May 2024 Roundtable on Nurturing and Nudging Using PropFuel
The presentation slides are available as an attachment at the end of this article.
The session centered on converting initial intent into action through automated nurturing in PropFuel. Many members say “yes” to renewals or offers but delay acting; roughly half convert quickly while the rest benefit from structured follow-ups. The discussion emphasized building nurturing flows at the same time as primary campaigns, using simple, conversational prompts, and leveraging data to tailor outreach. Participants highlighted the value of alerts, monthly analysis blocks, and lightweight questions that identify obstacles and interests, enabling timely nudges without overwhelming members.
One onboarding example described asking new members what they most hope to gain—professional development, networking, or other benefits—then, about six months later, triggering targeted follow-ups aligned to those choices. Data from responses revealed a notable segment who hadn’t met their goals yet, creating opportunities for automated resource-sharing and manual outreach for programs like volunteering, peer networking, and new community platforms. Teams reported scheduling monthly reviews, using PropFuel’s alerts and inbox for real-time handling, and pulling segments on demand for specific initiatives.
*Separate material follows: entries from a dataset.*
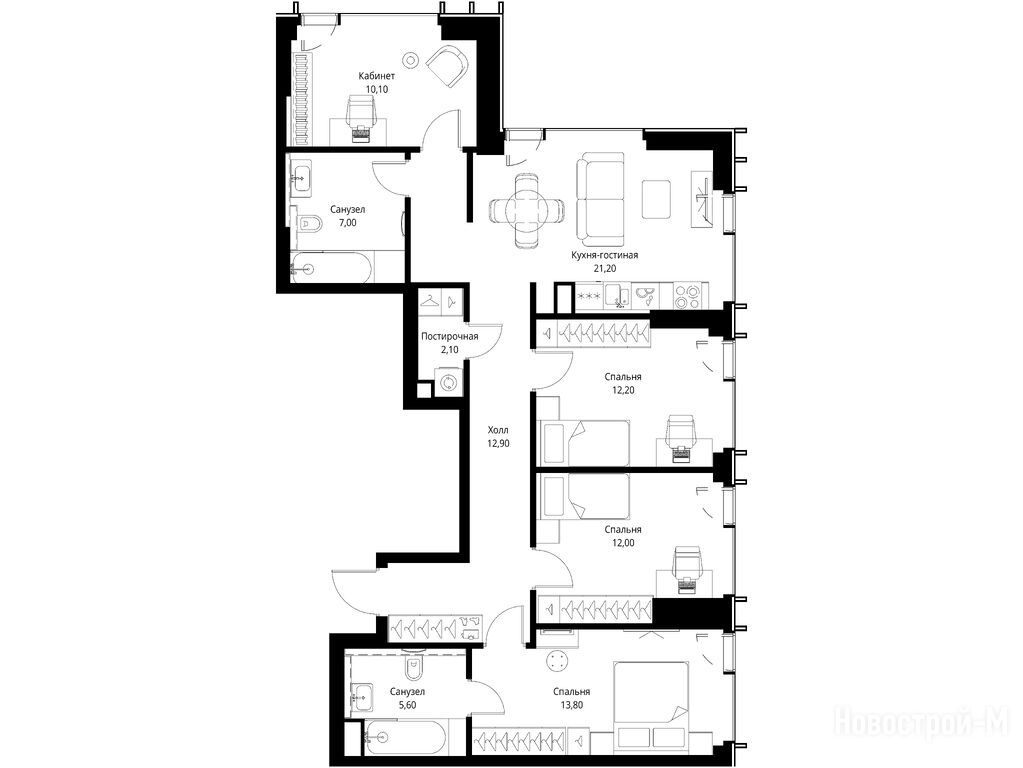 Продается четырехкомнатная квартира в новостройке ЖК Veer (Веер) по адресу Москва, ЗАО, Можайский, ул. Верейская, вл. 29, корп. 5. Общая площадь квартиры - 96.9 кв. м. Тип проекта, по которому построен дом — Монолитно-кирпичный, компания-застройщик — MR Group (МР Групп), ООО СЗ СтройКапитал. Стоимость квартиры — 46 453 860 руб. Способы оплаты можно уточнить у продавца. Срок сдачи — 3 квартал 2028. Более подробная информация по телефону.
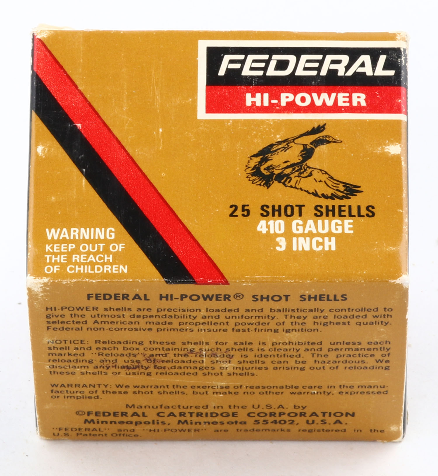 Federal, Hi-Power, 410ga., 1pc., Full, 3'', shot size 6, box is solid with great colors, paper shells are excellent. Grade: Excellent - Value: 10 to 30
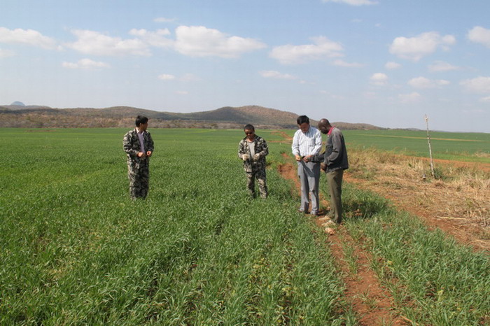 圍繞當前工作,韓大鳴在講話時首先肯定了SISI農場近階段取得的工作成績,他說,皖津公司入駐SISI農場僅僅兩個多月,在大家的一致努力下,順利完成了402公頃小麥種植任務,田管工作穩步推進,追肥化除效果初顯,這充分說明我們的努力和付出是值得的。就下一步工作,韓大鳴強調,要“抓兩頭帶中間”,抓好優勢地塊和弱勢地塊這“兩頭”,前者主要檢驗我們產量水平的最高值,后者主要體現我們的管理方式是否奏效,不拖產量的后腿,更重要的還是要帶起中間地塊,這是產量的主體,可以提升整體產量水平。韓大鳴要求,要時刻掌握小麥生長情況,積累田管經驗,為來年生產提供科學依據;要超前謀劃種植結構調整,大膽探索嘗試,針對津巴布韋的客觀條件,用好當地優勢資源,多措并舉,主動應對,最大限度地提高農場經濟效益;要積極思考下步工作安排,如收獲、運輸、雨季種植等,避免臨陣磨槍、慌亂被動。關于未來發展,韓大鳴指出,重點是要在管理創新和經營思路上下功夫,首先,要不斷創新管理模式,輸出先進管理理念,充分利用當地人才社會資源,理順管理鏈條,降低管理成本,同時,要結合當地法律法規和風俗禮儀,搞好制度建設,在制度本土化的基礎上邁向全球化;其次,要不斷創新經營方式,積極探索嘗試走以種植業為主、多業并舉、產業化發展的路子;第三,國際化人才要有國際化的眼界和思維,我們的經營管理團隊要提高自身綜合素質和心性品性,加強內部團結和外部聯絡,形成工作合力和向心力。
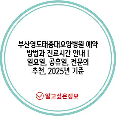 부산영도태종대요양병원 예약 방법과 진료시간 공지 | 일요일, 공휴일, 전연락 추천, 2025년 기준 에 대해 자주 묻는 질문 TOP 5
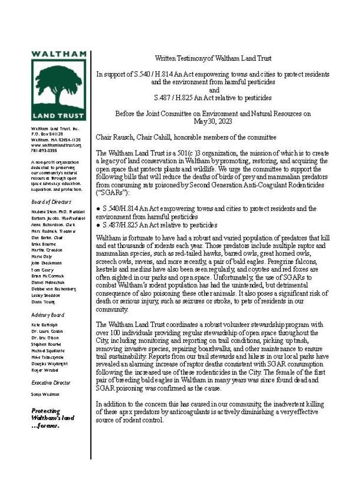 Later in May 2023, the Waltham Land Trust submitted a letter of support for two bills at the statehouse, one of which gives control to local communities regarding use of pesticides. You can read it below.
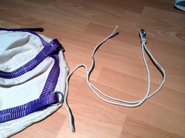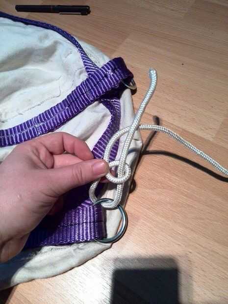 luego utilizará un nudo as de guía para hacer un lazo alrededor de los anillos del asiento. Asegúrese que el anillo más alto va a necesitar una pieza más corta de la cuerda, (cuadro 5-8) que hice para que entre el nudo de as de guía y la figura 8 fue allí donde se puede econtrar 45 cm de cuerda, en el anillo situado más bajo, y 40 cm, en el más alto localizado el anillo. hacerlo en ambos lados.
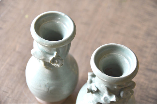 Vintage Sage Green Celedon Vase Set, China
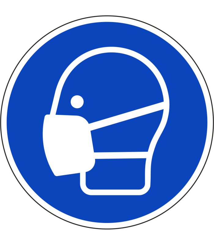 Die Schilder 'Maske benutzen' gem. ISO-7010 werden aus hochwertigem weißem Kunststoff hergestellt und sind in unterschiedlichen Größen erhältlich.

A renewal nurture pattern that has run for years routes all “yes” respondents into a timed check-in if payment hasn’t posted by the following month. A simple one-sentence reminder—asking if renewal is still the plan—consistently surfaces warm leads who can be given resources or a quick call. Another renewal approach combined automated invoice generation via webhook to an AMS and QuickBooks with PropFuel follow-ups that anticipate friction points: resending payment links, offering phone assistance, addressing “didn’t receive invoice,” and capturing price objections or changed minds for win-back flows. Even smaller-volume campaigns produced incremental renewals with minimal staff effort.
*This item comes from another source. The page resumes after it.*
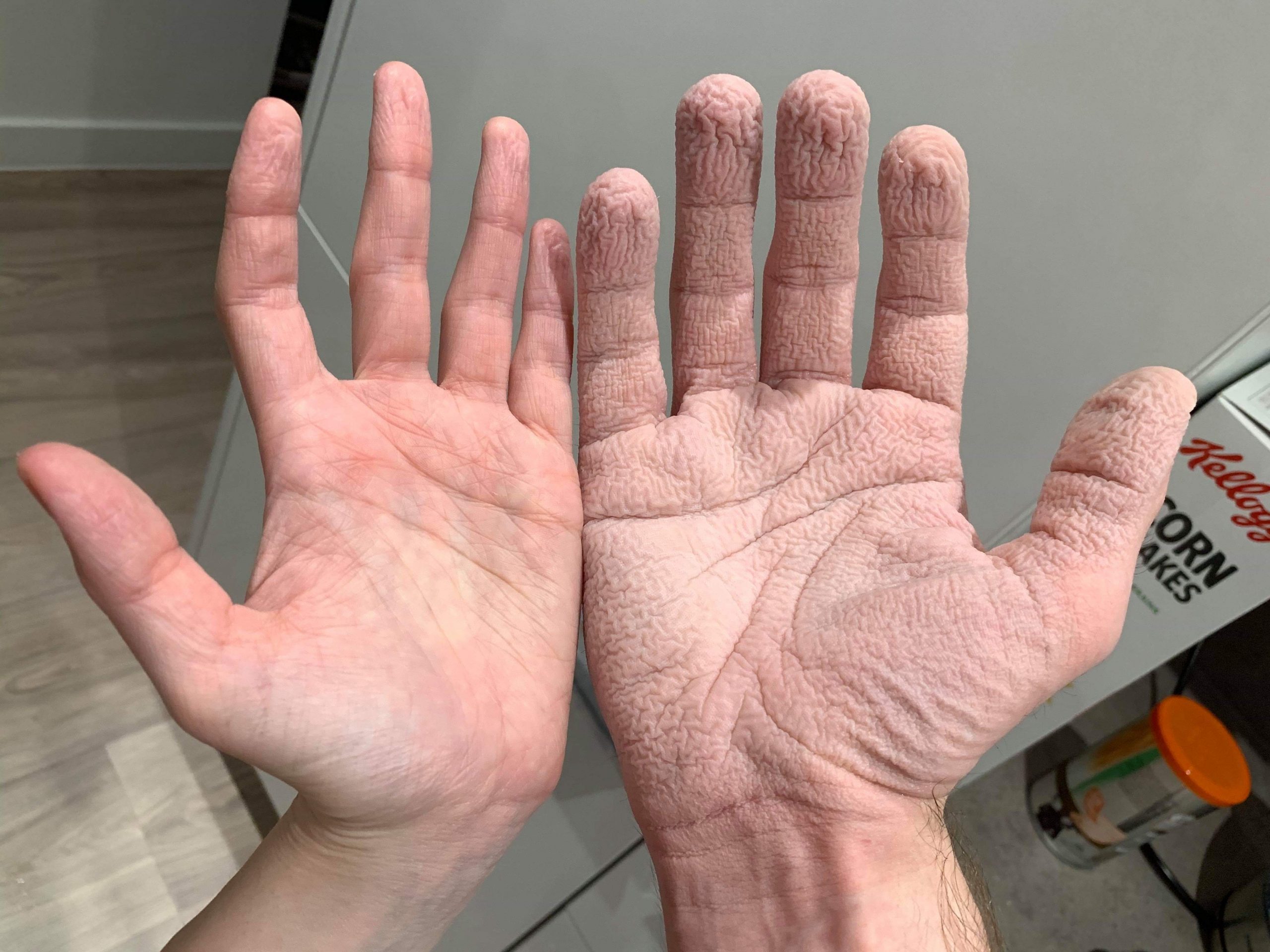 18. «Mis manos y las de mi mujer después de lavar los platos juntos.»

Revenue-driving education offers demonstrated the power of time-bound value. One certification promotion first collected testimonials to use as social proof, then offered a free practice exam with a clear deadline, moving “no” or “maybe” respondents into a testimonial-driven pipeline for future conversion. The cadence mixed direct asks with supportive nudges and a hard cutoff to prompt action.
Several membership segments called for tailored nurturing. Student and resident campaigns focused on validating graduation dates, identifying current job status, and preventing contact loss by collecting personal emails before institutional addresses go dormant. Automated check-ins provided career resources, reclassification prompts from student to professional membership, and address updates tied to post-graduation moves. These flows reduced manual chasing, kept engagement high with strong open and response rates, and fed downstream campaigns (e.g., reclass) that ran largely hands-off.
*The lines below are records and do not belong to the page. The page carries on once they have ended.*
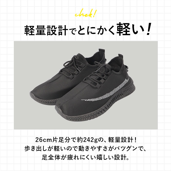 | 商品説明 | アクティブに動けてデイリー使いにぴったりな、スニーカーが新登場。【メッシュ仕様で軽い履き心地】アッパー部分はメッシュ仕様になっており、通気性バツグン!汗をかくスポーツシーンでもムレにくく快適◎【やわらか素材】足にフィットする、柔らかな素材を使用。靴紐をキュッと締めれば更にフィット感がアップ!【足入れがスムーズ】かかとにはプルタブ付き。紐を結んだ状態でも足入れラクラク。【滑りにくいアウトソール】屈曲性抜群のアウトソール。靴裏には滑りにくいよう加工を施し、歩きやすさ、動きやすさに配慮。【持ち運びしやすいフラット形状】靴を履いていない時はフラットになるので、バッグに入れてもかさばらず持ち運びしやすい!【使用シーンいろいろ】シンプルでスタイリッシュなデザイン。普段使いはもちろん、スポーツ、アウトドア、レジャー、旅行など幅広く使える! |
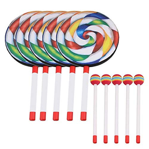 Ntcpefyの5パック8インチロリポップドラムは、カラフルなマレット付きで、音楽リズムを楽しむ子供向けおもちゃです。赤ちゃんや子供の遊びに最適!
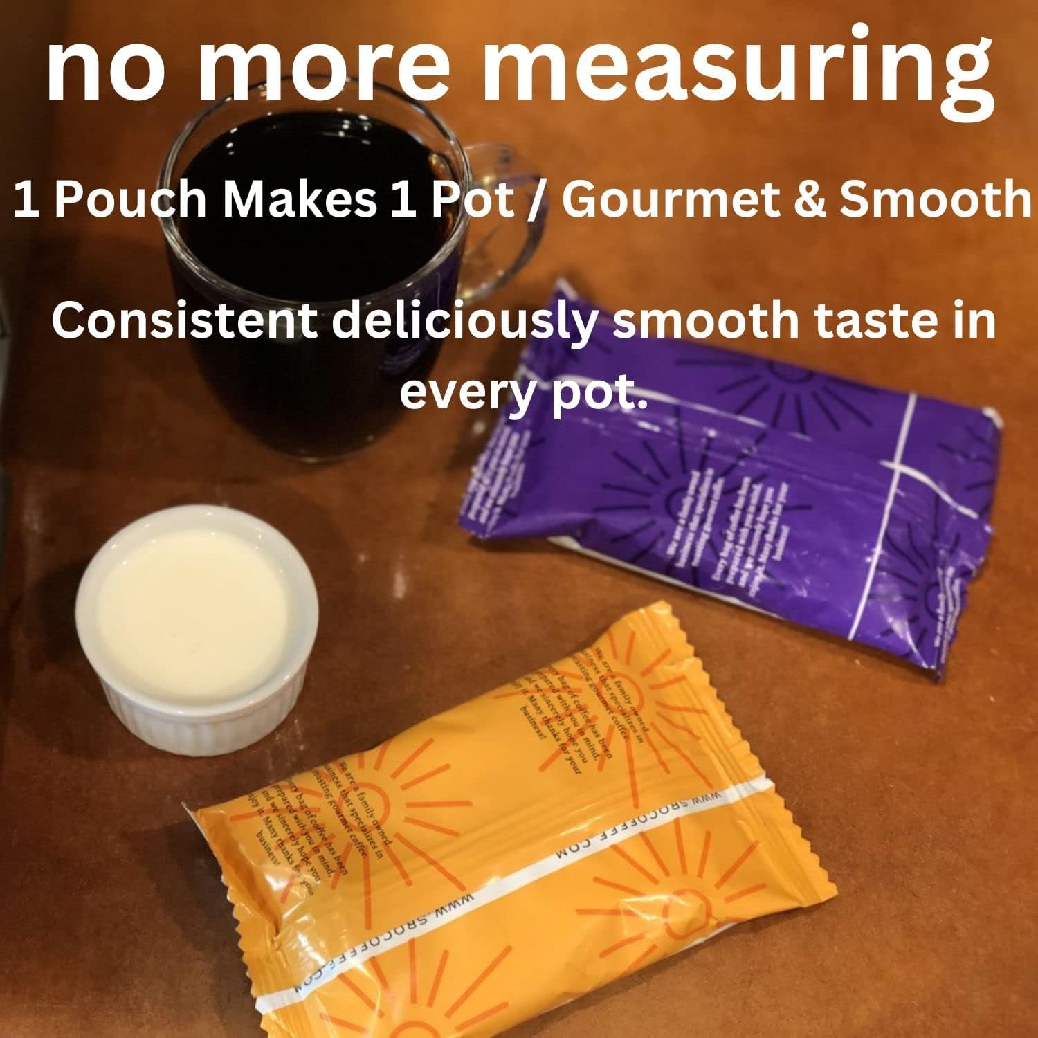 - PRE MEASURED CONVENIENCE - Each individual decaf packet is for a 12 cup drip coffee maker to make a single pot. The decaf premeasured bags keep your coffee fresh for over a year, ensuring each sip will be a silk smooth luxe experience.

Sponsor and industry engagement benefited from progressively varied questions. Initial messages gauged interest in exposure opportunities; later prompts explored biggest selling challenges to the audience and preferred channels (advertising, exhibiting, content). Automated replies delivered relevant options and alerts flagged hot prospects, while responses also seeded nonpaid exposure like contributed articles. This approach replaced broad blasts with qualified prospect lists and targeted follow-through.
Volunteer recruitment showed that a single broad call with clear pathways—committees, content, speaking, student outreach—can recruit hundreds when paired with prioritization by intent. “Yes” answers triggered immediate outreach; “thinking about it” respondents moved to a secondary pass. Offering concrete tracks made the next action trivial for members and streamlined staff workflows.
Testimonial collection worked best when tied to appreciation and a tangible thank-you. A campaign inviting members to pick a small gift before being asked for a quote generated a high response rate and dozens of usable testimonials in days. The follow-on work involved inserting testimonials across web, social, brochures, and email—and a lesson learned about choosing easy-to-ship items to avoid postage costs.
An ongoing “question of the week” model treated aggregated insights as a member benefit. Short, topical questions sent via PropFuel redirected respondents to a gated results page showing tallies and comments. Including a field for members to suggest future questions dramatically increased submissions, reduced staff ideation workload, and built steady engagement with hundreds of responses across a modest-sized membership. Members reported looking forward to seeing peers’ practices, and the accessible, lightweight format outperformed traditional community forums.
Throughout the session, practical tactics surfaced repeatedly: ask the same question in different ways over time; keep messages short with a single action; use time-limited incentives; anticipate objections via answer choices; and automate handoffs to reclass, win-back, or support flows. Platform updates mentioned included AI-assisted subject lines and follow-up copy via a “magic wand,” improved reporting for embedded question paths and campaign-level rollups, and forthcoming automated summaries of recent insights to prompt action without manual digging. The overarching theme was to not stop at the first ask—plan the nurture, automate thoughtfully, monitor alerts, and let data guide timely human touch where it matters.